REQUIRED WORK.
Excluding pictures, reproduce word for word the lines from the one containing "Save The first" through the end of the material below.

GIVEN RECORDS START

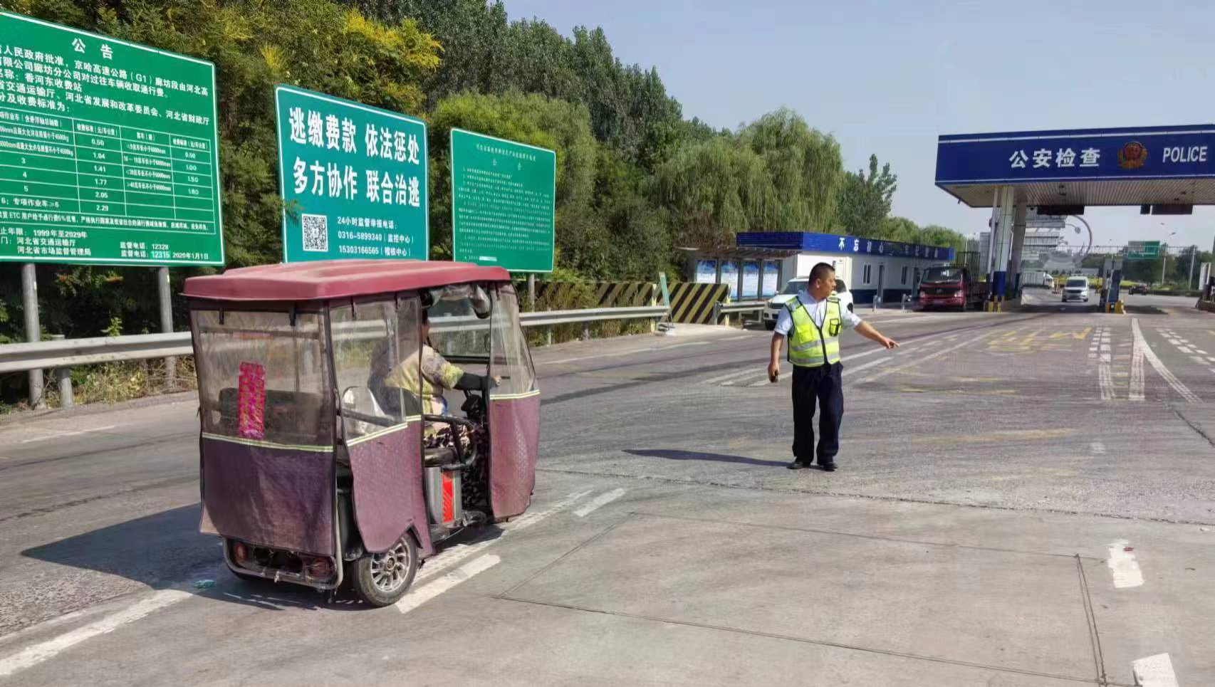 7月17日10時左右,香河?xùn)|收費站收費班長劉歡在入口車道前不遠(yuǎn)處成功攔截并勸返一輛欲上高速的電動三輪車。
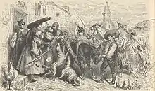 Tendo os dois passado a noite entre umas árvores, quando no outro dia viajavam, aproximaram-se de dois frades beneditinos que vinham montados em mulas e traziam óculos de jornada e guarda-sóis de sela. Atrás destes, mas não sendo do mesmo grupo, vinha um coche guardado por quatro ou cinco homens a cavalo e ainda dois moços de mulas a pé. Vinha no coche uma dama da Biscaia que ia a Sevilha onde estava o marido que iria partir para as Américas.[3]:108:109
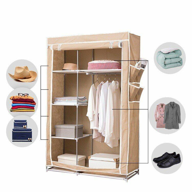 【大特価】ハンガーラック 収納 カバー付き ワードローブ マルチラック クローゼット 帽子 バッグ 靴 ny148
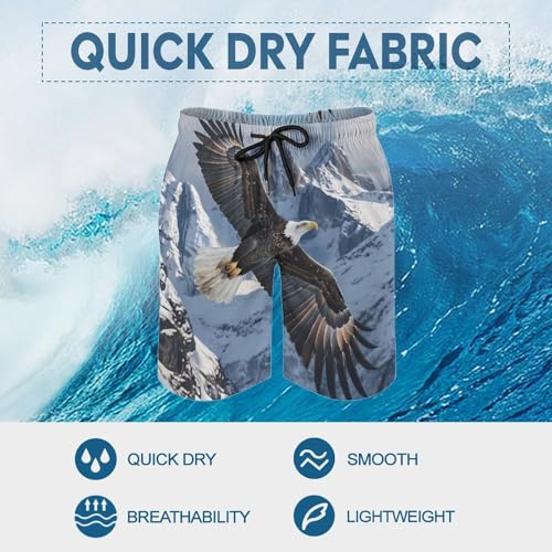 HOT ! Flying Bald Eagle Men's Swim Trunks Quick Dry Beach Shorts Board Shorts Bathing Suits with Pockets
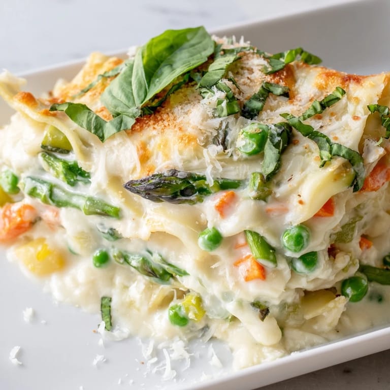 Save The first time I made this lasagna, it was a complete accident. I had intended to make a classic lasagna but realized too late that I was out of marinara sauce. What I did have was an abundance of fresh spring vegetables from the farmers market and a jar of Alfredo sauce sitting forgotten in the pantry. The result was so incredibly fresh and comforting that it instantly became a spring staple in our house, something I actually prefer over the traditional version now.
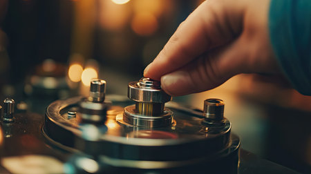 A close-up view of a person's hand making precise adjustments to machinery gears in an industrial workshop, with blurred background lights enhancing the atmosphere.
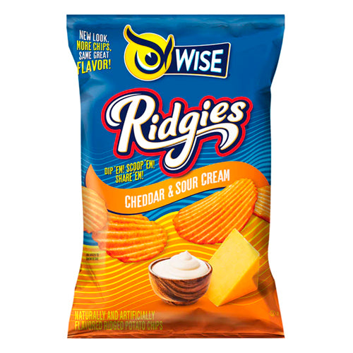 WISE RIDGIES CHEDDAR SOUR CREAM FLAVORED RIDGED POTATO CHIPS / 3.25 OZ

GIVEN RECORDS END

RESPONSE TO THIS TASK.
 Save The first time I made this lasagna, it was a complete accident. I had intended to make a classic lasagna but realized too late that I was out of marinara sauce. What I did have was an abundance of fresh spring vegetables from the farmers market and a jar of Alfredo sauce sitting forgotten in the pantry. The result was so incredibly fresh and comforting that it instantly became a spring staple in our house, something I actually prefer over the traditional version now.
 A close-up view of a person's hand making precise adjustments to machinery gears in an industrial workshop, with blurred background lights enhancing the atmosphere.
 WISE RIDGIES CHEDDAR SOUR CREAM FLAVORED RIDGED POTATO CHIPS / 3.25 OZ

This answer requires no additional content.